### Your objective
An exact copy of the data is required; the images should not appear in it.

### Given data
'''

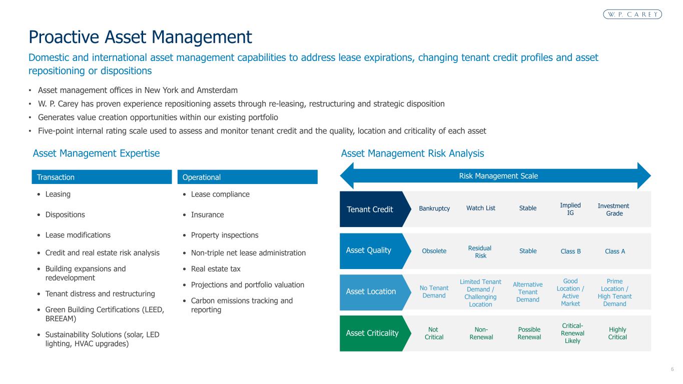 5 •通过投资于净租赁商业地产产生有吸引力的风险调整后回报,主要是在美国以及北欧和西欧•通过将信贷和房地产承销与复杂的结构和直接发起相结合来保护下行空间•收购对租户运营至关重要的“关键任务”资产•通过租金上涨、信贷改善和房地产升值创造上行空间•通过增值扩张、翻新和后续交易利用现有租户关系•我们方法的标志:•按租户、行业、物业类型和地域•纪律严明•机会主义•积极主动的资产管理•保守的资本结构投资策略交易评估基于四个关键因素的租户信誉•行业驱动因素和趋势•竞争对手分析•公司历史•资产的财务资金关键性•关键分销设施或盈利的制造工厂•关键研发或数据中心•表现最佳的零售店基础房地产的基本价值•当地市场分析•物业状况•第三方估值/重置成本•下行分析/再租赁成本交易Structure和定价•租赁条款–租金增长和到期•财务契约•保证金/信用证
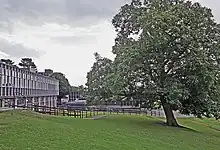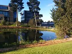 The large site has green open spaces between the individual teaching facilities.[5] The centre of the site is focussed around the lake, one of the original fishing ponds that were in the grounds of the Etwall Hall.
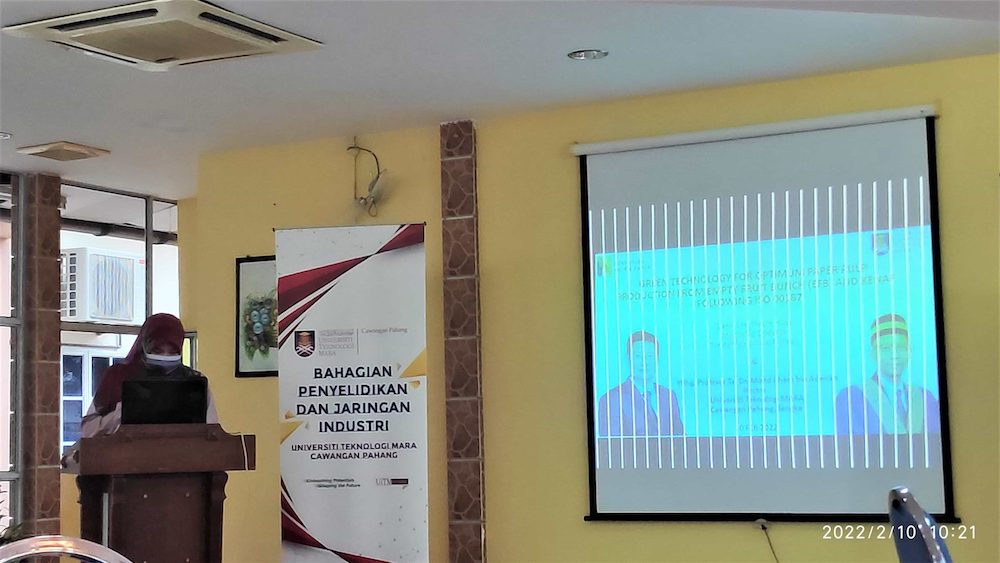 Nextgreen’s R&D and Production department visit to Universiti Teknologi Mara (UiTM) Pahang for NGPP-UiTM Collaboration Project at Pulp and Paper Laboratory, School of Wood Industry. The objectives of this visit are to demonstrate the various laboratory works for the paper production from empty fruit bunch (EFB) and kenaf as well as to discuss the collaborative research project “Green Technology for Optimum Paper Pulp Production from empty fruit bunch (EFB) and Kenaf”. It is expected that the outcome of this research will contribute to optimum various paper production from EFB and KENAF towards zero waste palm production through a green technology approach.
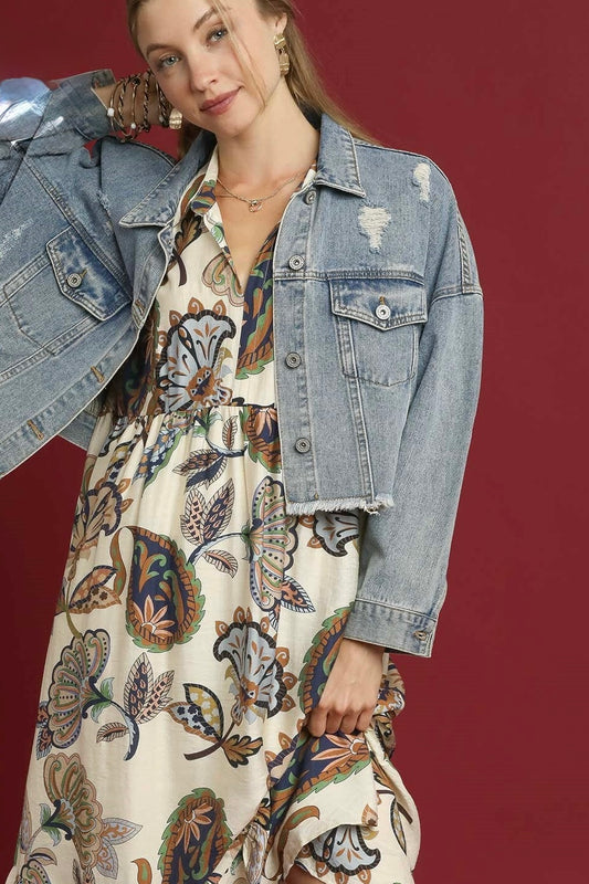 Umgee Cream Boho Print Tiered Midi Dress

'''

### Written solution
 5 •通过投资于净租赁商业地产产生有吸引力的风险调整后回报,主要是在美国以及北欧和西欧•通过将信贷和房地产承销与复杂的结构和直接发起相结合来保护下行空间•收购对租户运营至关重要的“关键任务”资产•通过租金上涨、信贷改善和房地产升值创造上行空间•通过增值扩张、翻新和后续交易利用现有租户关系•我们方法的标志:•按租户、行业、物业类型和地域•纪律严明•机会主义•积极主动的资产管理•保守的资本结构投资策略交易评估基于四个关键因素的租户信誉•行业驱动因素和趋势•竞争对手分析•公司历史•资产的财务资金关键性•关键分销设施或盈利的制造工厂•关键研发或数据中心•表现最佳的零售店基础房地产的基本价值•当地市场分析•物业状况•第三方估值/重置成本•下行分析/再租赁成本交易Structure和定价•租赁条款–租金增长和到期•财务契约•保证金/信用证
 The large site has green open spaces between the individual teaching facilities.[5] The centre of the site is focussed around the lake, one of the original fishing ponds that were in the grounds of the Etwall Hall.
 Nextgreen’s R&D and Production department visit to Universiti Teknologi Mara (UiTM) Pahang for NGPP-UiTM Collaboration Project at Pulp and Paper Laboratory, School of Wood Industry. The objectives of this visit are to demonstrate the various laboratory works for the paper production from empty fruit bunch (EFB) and kenaf as well as to discuss the collaborative research project “Green Technology for Optimum Paper Pulp Production from empty fruit bunch (EFB) and Kenaf”. It is expected that the outcome of this research will contribute to optimum various paper production from EFB and KENAF towards zero waste palm production through a green technology approach.
 Umgee Cream Boho Print Tiered Midi Dress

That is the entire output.